The shortage of primary care physicians is possibly due to other variables as well- such as administrative hassles that are quite vexing for the physician vocation overall- along with ever increasing patient loads complicated by the progressively increasing cost to provide care for their patients due to decreasing reimbursements from various organizations the doctors receive for the services they provide. For reasons such as this, it is believed that some PCPs are retiring early, or simply seeking an alternative career path. As mentioned earlier, the PCP specialty is not desirable for a late stage medical student, so this is quite concerning to the public health in the United States. The number of medical school graduates entering family practice residencies has decreased by about half over the past decade or so. PCPs also have extensive student loans from their training to complicate their rather excessive workloads as caregivers with decreased pay, comparatively speaking.

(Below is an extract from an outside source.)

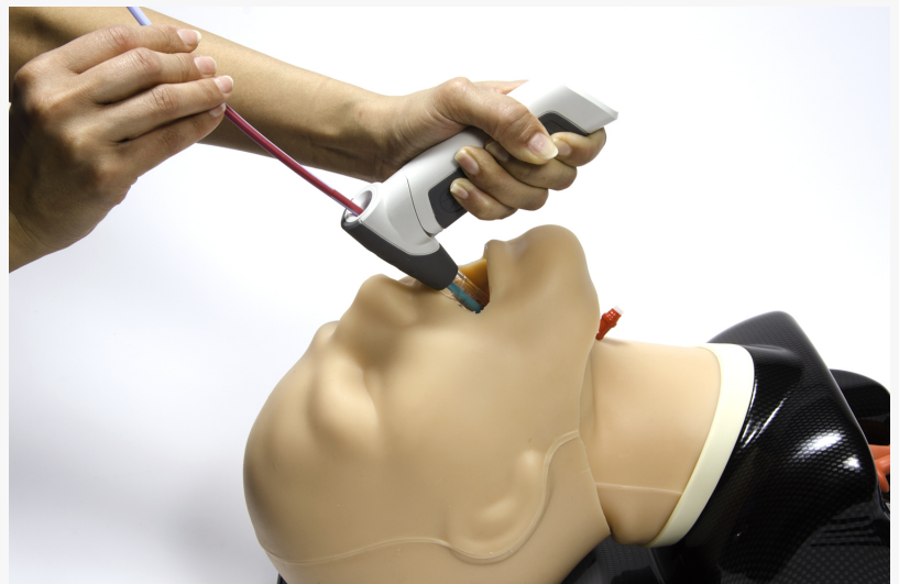
Vie Scope and Voir Bougie in use

Despite the shortage of these doctors, primary care physicians do in fact care for the populations they serve and are dedicated to their welfare, as difficult as it may be for them at times. Studies have shown that mortality rates would decrease due to increased patient outcomes if there were more PCPs to serve those in need of treatment. This specialty would also optimize preventative care more for their patients. Studies have also shown that, if enough PCPs are practicing in a given geographical area, hospital admissions are decreased, as well as visits to emergency rooms. This is due to the ideal continuity in health care these PCPs provide if numbered correctly to serve a given population of citizens. In addition, PCP care has proven to improve the quality of care given to patients, as well as the outcomes for these patients as a result are more favorable. Most importantly, the overall quality of life for their patients is much improved if there are enough PCPs to handle the overwhelming load of responsibility they presently have due to this shortage of their specialty that is suppose to increase mildly if at all in the years to come. The American College of Physicians believes that a patient- centered national health care workforce policy is needed to address these issues that would ideally be of most benefit for the public health. Policymakers should take this into serious consideration.
“In nothing do men more nearly approach the Gods then in giving health to men.” — Cicero
Dan Abshear (ex-military medic and physician assistant for nearly 20 years)
Author’s note: What has been written has been based upon information and belief of a layperson, yet also the assessments of a patient.